En cualquier caso, los procesos de preservación, recuperación y reinvención de una memoria colectiva que Rivera Cusicanqui analiza con pulcritud de historiadora tienen un papel central en la configuración de los movimientos étnico-sociales, su realización identitaria y sus demandas políticas.

El desarrollo y consolidación en las últimas décadas de nuevos movimientos étnicos, sobre todo el aymara, y la emergencia de nuevos movimientos sociales y nuevos métodos de lucha popular, acarrearon una verdadera revolución que desembocó en la institucionalización, no importa cuán defectuosa e inconclusa, del Estado Plurinacional de Bolivia.

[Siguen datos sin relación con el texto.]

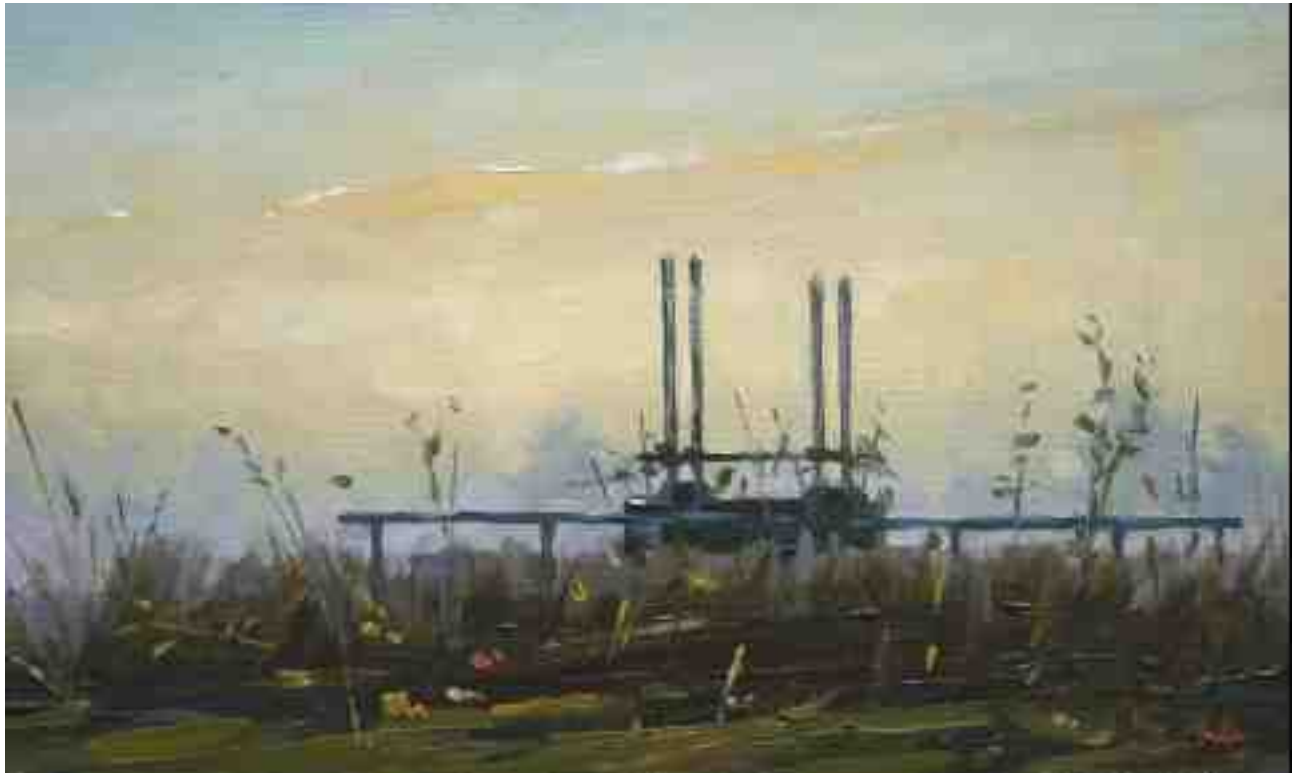
Worpsweder Landschaft im Dunst 2014 | Öl/Karton | 15 x 25 cm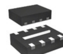
AD8353ACP-R2 Analog Devices Inc. IC RF GAIN BLOCK 8-LFCSP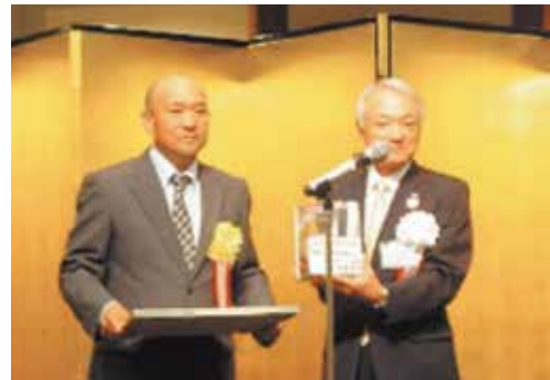
坪野谷商事株式会社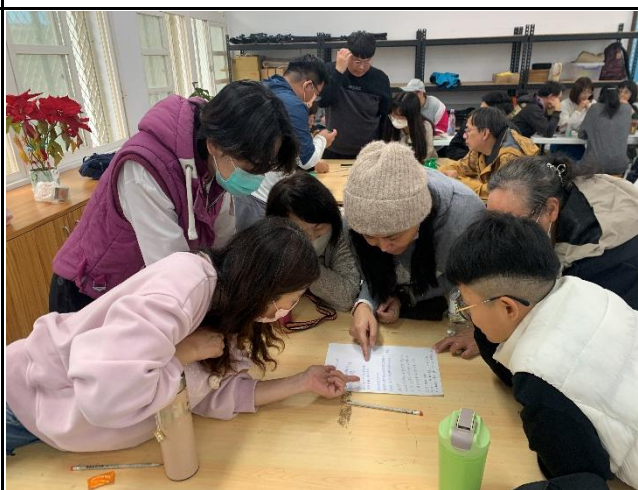
說明：學員投入創作。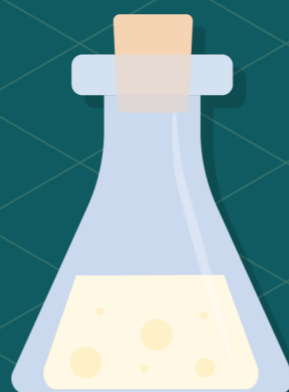
Χυμός πλούσιος σε σάκχαρα Υποπροϊόντα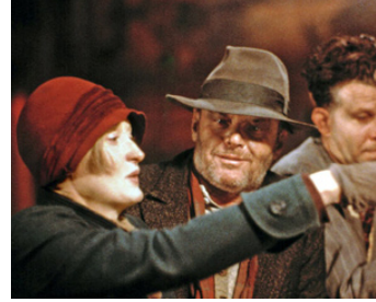
1987 IRONWEED (Ironweed) de Hector Babenco avec Meryl Streep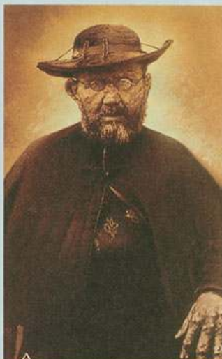
Pater Damian krátce před smrtí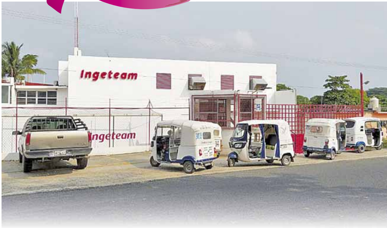
EXHIBEN A EMPRESA INGETEAM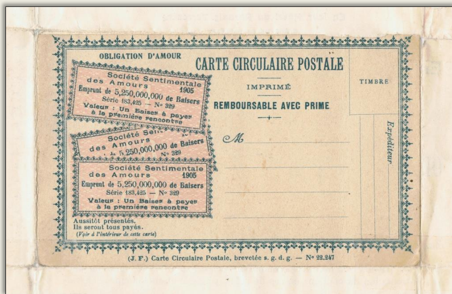
Rückseitig integrierte Postkarte

Am unteren Rand des Wertpapiers hat der Erfinder dieser Obligation sein Urheberrecht durch eine Warennummer schützen lassen. Der Clou an seiner Obligation: Sie kann in einer bestimmten Reihenfolge zusammengefaltet werden. Auf der Rückseite bleibt zum Schluss eine Postkarte übrig, die man dann an seine Liebschaft versendet. Die empfangene Karte kann dann wieder zu einer Obligation aufgefaltet werden. So sieht die rückseitig integrierte Postkarte aus:

Esto implica, necesariamente, una reformulación de la ciudadanía, aun cuando la Constitución de 2009 se atenga a los principios liberales del jus soli (en contravención del jus sanguinis comunitario), los derechos humanos y el respeto por la diferencia individual. Según el artículo 144,

I. Son ciudadanas y ciudadanos todas las bolivianas y todos los bolivianos, y ejercerán su ciudadanía a partir de los 18 años de edad, cualesquiera sean sus niveles de instrucción, ocupación o renta. II. La ciudadanía consiste: 1. En concurrir como elector o elegible a la formación y al ejercicio de funciones en los órganos del poder público, y 2. En el derecho a ejercer funciones públicas sin otro requisito que la idoneidad, salvo las excepciones establecidas en la Ley.

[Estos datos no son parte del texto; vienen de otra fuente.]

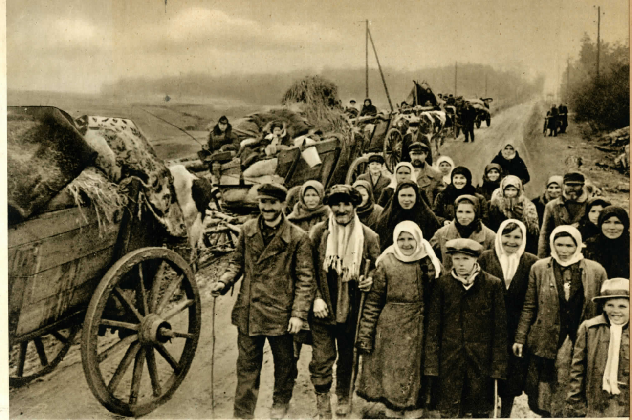
SZMOLENSZKI PARASZTOK, HÁROM ÉVES RABSÁG UTÁN, HAZAFELÉ.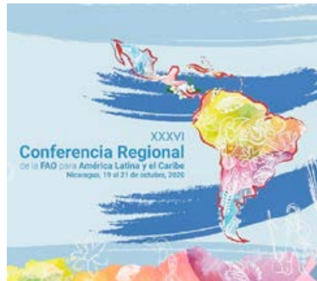
En el año 2050 la demanda mundial de alimentos crecerá en un 50 por ciento.

Después de esta Conferencia todo el mundo recordará a Nicaragua, dijo Qu Dongyu antes de prometer una visita y expresar los deseos de comer su plato favorito, el típico arroz con pescado, en el país de lagos y volcanes.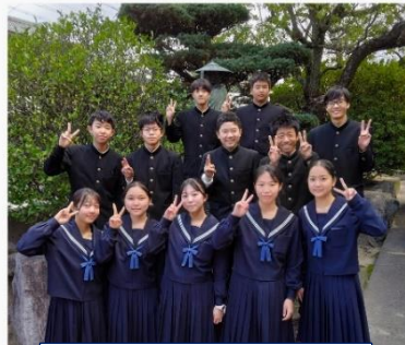
上級学校訪問（2年生）

【1年生】日本福祉大学の先生と学生の皆さんに教わりながら、パラスポーツ「ボッチャ」を体験しました。とても楽しく盛り上がりました。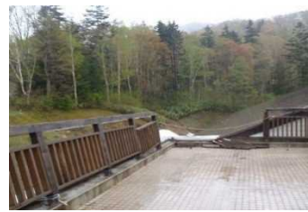
屋上柵の老朽化状況

No obstante ampliar la esfera de la igualdad en muchísimos aspectos, la constitución falla al no tomar en cuenta que en una formación social abigarrada y multisocietal la igualdad debe pensarse como igualdad intersocietal (entre sociedades, pueblos y culturas al interior del estado), y no solo como intrasocietal (entre individuos al interior del estado y de la sociedad), según proponen el multiculturalismo anglosajón y la interculturalidad europea, amparados en el marco doctrinario del liberalismo y los derechos humanos (Tapia 2006, 36-46; ver Trigo 2012, 151ss). Una ciudadanía auténticamente multicultural debería responder a las condiciones multisocietales y reconocer y producir igualdad entre pueblos y culturas, no solo entre los individuos pertenecientes a diversas culturas dentro del país. Para ello, se debe prestar atención a las prácticas de reciprocidad que regulan la vida comunitaria y el valor atribuido al cumplimiento de deberes respecto a la comunidad. En contraste con la ciudadanía liberal, cuya premisa es garantizar los derechos del individuo frente a la sociedad, el comunero garantiza los derechos comunitarios mediante el ejercicio de sus deberes para con la comunidad. Por ello, insiste, para pensar la igualdad entre pueblos y culturas no se debe partir de lo individual sino de lo social y lo político, pues mientras se piense la ciudadanía multicultural como una ampliación de los derechos individuales, se mantendrá intacta la dominación del marco estatal y jurídico de la cultura dominante (Tapia 2006, 44-52). Una ciudadanía plurinacional atenta a la condición multisocietal del país debería repensarse como un aprendizaje de deberes cívicos más que como el acopio de derechos.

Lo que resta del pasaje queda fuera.